ジャマール・モズリー

パオロ・バンケロ「モーズは選手を高めてくれる」

マジックはヘッドコーチのジャマール・モズリーと新たに4年の契約延長に合意した。ジェフ・ウェルトマン球団社長はこのリリースの中で、「ジャマールと彼のスタッフは、今シーズンだけでなく2021年にここに来てから常に素晴らしい仕事をしている。彼の仕事に対する姿勢、選手と心を通わせる働き方が、コート内外で良い結果をもたらしている」とコメントしている。

マジックはニコラ・ブーチェビッチやアーロン・ゴードンが主力だった2018-19シーズンが、過去11シーズンで唯一の勝率5割超え。この年と翌シーズンにプレーオフに進出するも、いずれもファーストラウンド敗退という下位の常連だった。そのマジックに2021年オフ、モズリーが就任する。チームはこのタイミングでブーチェビッチとゴードン、エバン・フォーニエなどこれまでの主力を放出し、本格的な再建をスタートさせた。その際に集められたのは、派手な得点能力はなくてもディフェンスでハードワークできる若手たち。複数のポジションを守ってリバウンドにも強い選手を揃え、エース不在でもチームで戦えるロスターを作った。

モズリーはこの時がヘッドコーチ初挑戦。その前はマーベリックスでリック・カーライルの右腕を長らく務め、ディフェンス戦術の構築を担当していた。ただ、彼の評価は守備面だけでなく選手とのコミュニケーション能力にあった。厳格で選手と距離を置くカーライルは最終的にエースであるルカ・ドンチッチとの関係が冷え、選手からの支持を失って解任されるが、これは常に選手の側に立ってバランスを取るモズリーがマジックに引き抜かれた影響も大きいはずだ。

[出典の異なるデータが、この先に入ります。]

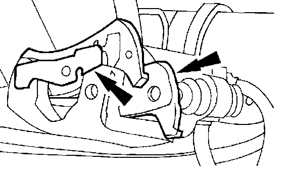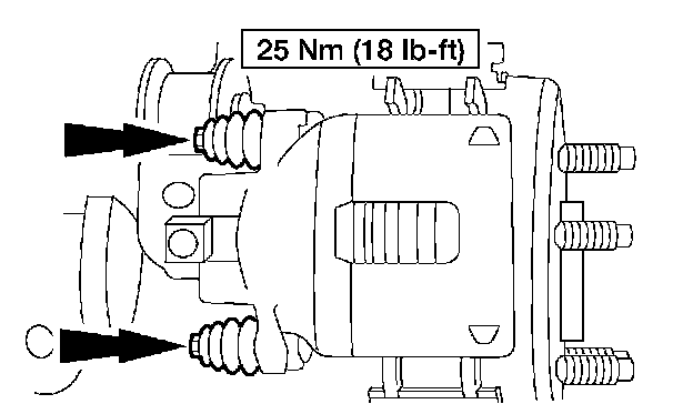 2. CAUTION: Do not allow the caliper to hang from the brake hose. Damage to the hose can result.

モズリーはマジックのヘッドコーチとして、そのコミュニケーション能力を大いに発揮した。『ボス』となったからには、選手の側に立つだけではなく、時には厳しい態度を取る必要もある。彼はここでエース不在のマジックで若手に厳しいチーム内競争を強いながら、選手同士が対立することを避け、チーム一丸で戦う集団を作り上げた。

モズリーがマジックの若手たちに植え付けたのは、チームワークとハードワークの精神だ。「ウチは守備のチームであり、勝つために必要なのはシュートが決まっても決まらなくても集中して守備をやり続けることだ」と彼は繰り返している。選手は本能的にシュートを決めるのが楽しいものだが、今のマジックではどの選手も「ディフェンスから良い流れを作り、トランジションでイージーシュートのチャンスを作ること」に楽しみを見いだしている。すべての試合でチームワークとハードワークを徹底し、それが結果に繋がることを楽しみ、新たなモチベーションへと変えている。

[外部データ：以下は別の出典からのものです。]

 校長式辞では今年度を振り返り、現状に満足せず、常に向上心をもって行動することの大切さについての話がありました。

2022年のNBAドラフト全体1位で指名したパオロ・バンケロが今はエースに収まったが、彼もまたチームワークとハードワークの選手であり、ディフェンスとリバウンドとルーズボールに汗をかくことを厭わない。今シーズンのルーキーであるアンソニー・ブラックも同じで、シックスマンとしてチームワークとハードワークに徹している。

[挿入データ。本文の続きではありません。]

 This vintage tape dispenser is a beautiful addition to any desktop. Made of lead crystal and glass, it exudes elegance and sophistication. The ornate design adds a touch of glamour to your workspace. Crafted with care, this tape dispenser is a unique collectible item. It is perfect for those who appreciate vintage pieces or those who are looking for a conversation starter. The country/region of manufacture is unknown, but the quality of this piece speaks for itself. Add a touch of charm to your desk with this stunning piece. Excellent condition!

このチームカラーは間違いなくモズリーがもたらしたもの。3年目の今シーズンはここまで37勝28敗で、勝率5割超えとプレーオフ進出を決めるのは時間の問題となっている。ただ、彼の仕事はまだ終わっていない。東カンファレンスは4位ニックスからマジック、セブンティシクサーズ、ペイサーズ、8位のヒートまでが2ゲーム差にひしめく大混戦。そしてマジックは、下位チームへの取りこぼしは少ないが上位チームとの対戦で勝てていない傾向にあり、その傾向はシーズンが深まるにつれ強くなっている。

直近では順位争いのライバルであるニックスとペイサーズに連敗。ディフェンスを前面に押し出してのチームワークとハードワークという強力なスタイルを作り上げたが、プレーオフを勝ち抜くための戦い方はこれから作り上げていく必要がある。それでも、エースのバンケロが「モーズ(モズリー)は選手を高めてくれるコーチだ。契約延長が決まってうれしいし、彼はそれに値する」と指揮官に全面的な信頼を寄せ、プレーオフ経験が豊富なベテランのジョー・イングルスも「このチームはよく学び、よく実践する。プレーオフでの戦いにもアジャストできるはずだ」とここからの成長に自信を見せる。

急成長するマジックは、レギュラーシーズンのラスト1か月でさらに伸びる。プレーオフをどんな状態で迎えるか、そこでどんな戦いを見せられるかが楽しみだ。